My Last is Her First

Wednesday night, our daughter Jill came home and told us, “Well, this is the last supper I’ll be home as a high school student.” She was grinning ear to ear--excited to get out on her own. My heart ached inside knowing my life would never again be the same. My daughter is graduating and will be leaving home. She’s a class act! I don’t feel old enough to have an empty nest, but I do.

The next morning as I’m watering the plants outside she walks out. She has to go take a final and will be back in an hour. I realize this is the last morning she goes to school. I walk over to her, put my arms around her and pray for her. She left--and I wept. I have loved being a Father. I’m going to have to learn to be a different kind of Father.

I went back in the house, did my stuff and then headed outside to run. As I ran, I thought about Jill, my life, and everything going on. As I got near the house, about an hour later, a car passed me and honked and then pulled in our driveway. It was Jill. It was like God was saying to me, “She’s not gone. She’ll always be a part.” I sure hope so.

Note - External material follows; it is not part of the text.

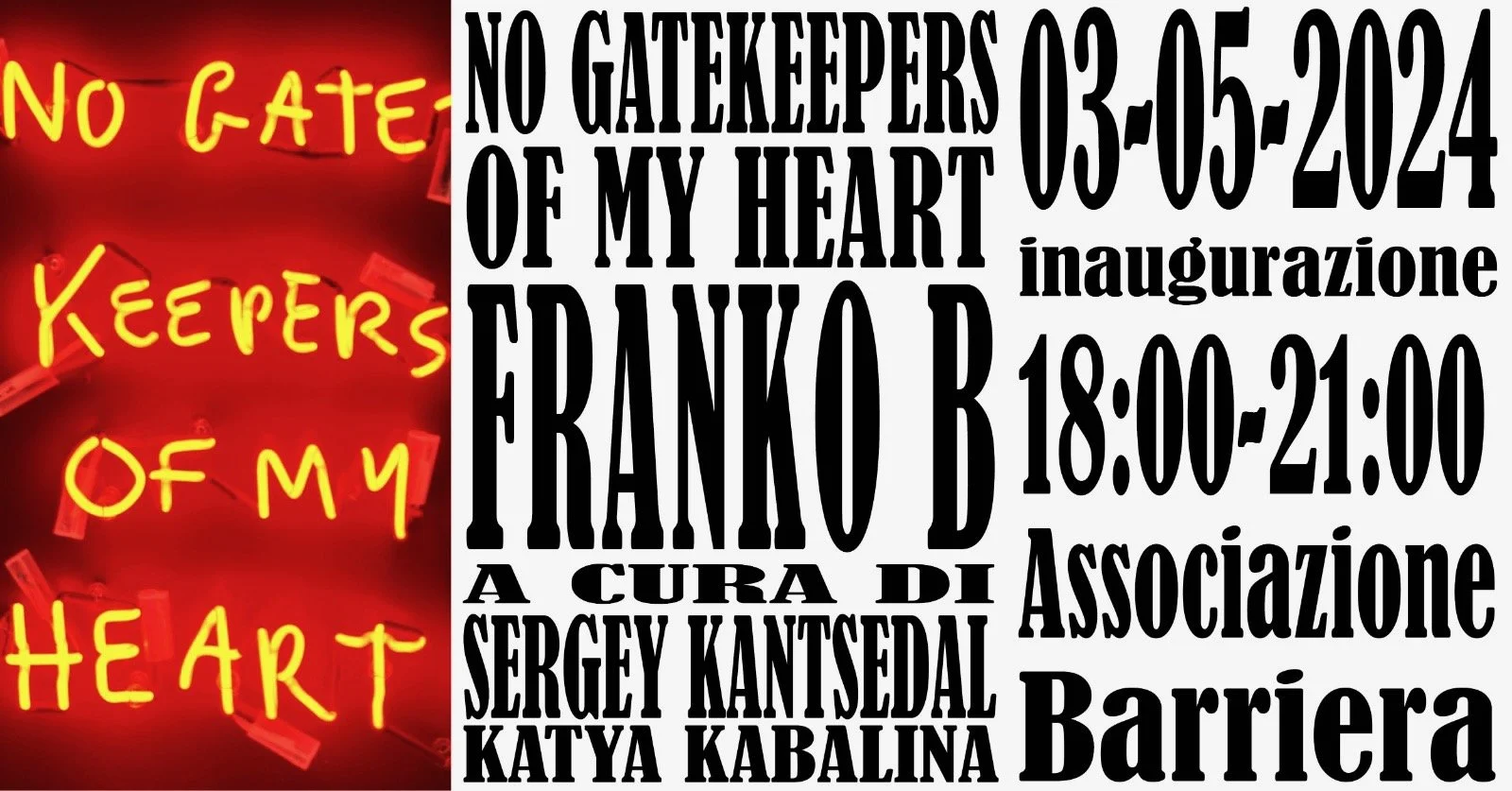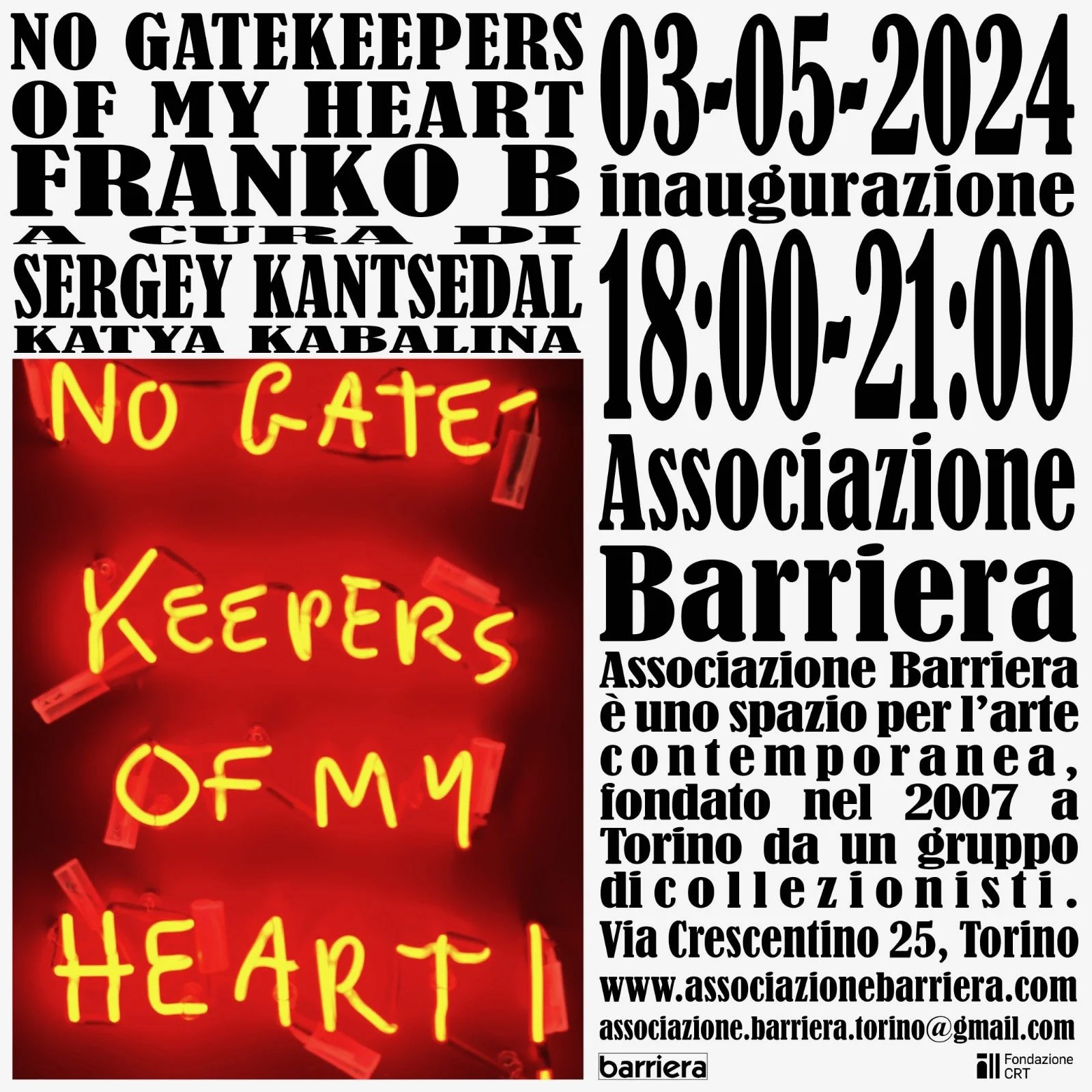 No Gatekeepers of my Heart - solo show in Torino 8 Apr Written By Franco Bosisio exhibition at Associazione Barriera, Torino. Opens 3rd May 2024associazionebarriera.com Franco Bosisio

Father, you’ve given me 3 awesome winners. May they find an awesome Father in me as they progress in life. Help me define “fatherhood” at this stage.

Postmodern West - Postmodern World?

Anyone who says postmodernity isn’t the driving force in the West is outright living in the past. Anyone postmodern who says the whole world is postmodern hasn’t seen that much of the world. Sure, there are pockets everywhere, but it’s not the prevailing global philosophy. You have to separate the materialism and styles of the west that do spread globally from the philosophy that’s global. I think postmodernity is the philosophy of an affluent society that has become disillusioned with it’s own failed promises from modernity. Most the world just isn’t that affluent.

Center Shift To Asia

Center shift #1 the church in Jerusalem is a gathering place for all the followers of Jesus to hang on. Antioch takes the role as the center of the church driven more by laymen in vocations engaging society, thereby bringing transformation.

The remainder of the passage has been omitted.